その晩も見つけた銭湯に行ったんだけど、何故か空いていて、僕が行った時には男湯には僕だけしか居なかったんだ』
坂本は煙草に火を点けた。もう天窓は開けられていた。
『僕が湯舟に浸かってると、一人の老人が入って来たんだ。そして僕に声を掛けてきた。
〔見ない顔だけど〕って。
だから、僕は自分の事を簡単に話したんだよね。そしたら、その老人が〔泊まる所が無いなら、家にこないか〕ってそう言ってくれたんだ。
僕は初対面の人だったし、ちょっと迷ったんだけど、是非泊まりに来なさいって強く奨められたんで、一泊だけ甘えるつもりで、そうさせて貰う事にしたんだ』
怖い話しを聞くのに、食が進むのも変なのだが、どうも私はお菓子が進む。が、マスターのクッキーはみんなもつい手が出る様だ。
『風呂から上がると、歩いて来たと言うその老人に、バイクを転がしながら着いて行った。
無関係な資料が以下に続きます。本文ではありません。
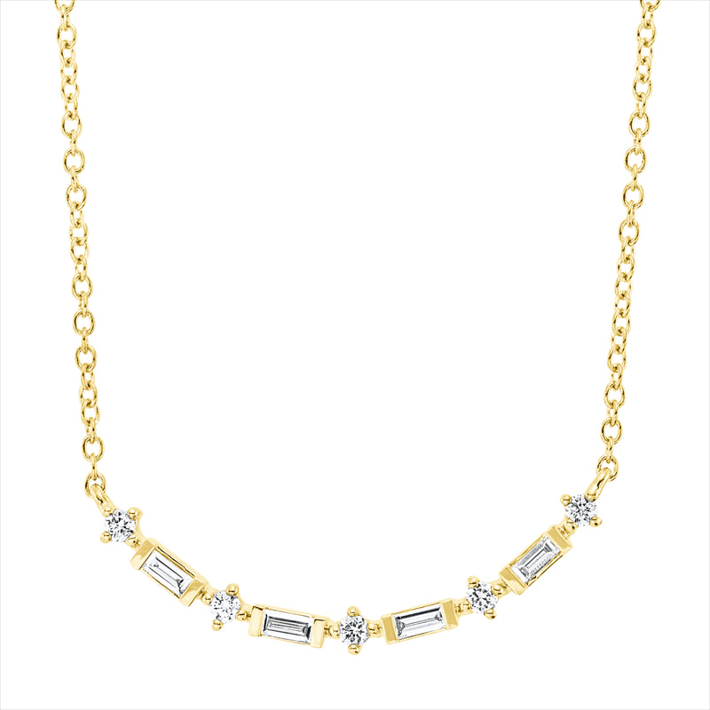 Collier 18 kt GG. mit ZÖ 38cm.40.6cm.43.2cm. 4 Baguette 0.12 ct. TW-si. 5 Brillanten 0.10 ct. TW-si. L:45.7 cm

まだ、夕方の6時位だったと思う。歩きながらその人は、奥さんと二人暮らしである事や、息子さんが行方不明である事等、色々な事を話してくれたんだ』
今日は紅茶組と珈琲組が居る。マスターがカウンターからティーポットとデカンタを取り、円いテーブルに置くと、みんな順番、飲み物のお代わりを注いだ。私は、隣で速記で忙しそうにしてる松永のカップにデカンタを傾けた。
『ありがとう』
松永は速記の手を止めて、一口飲む。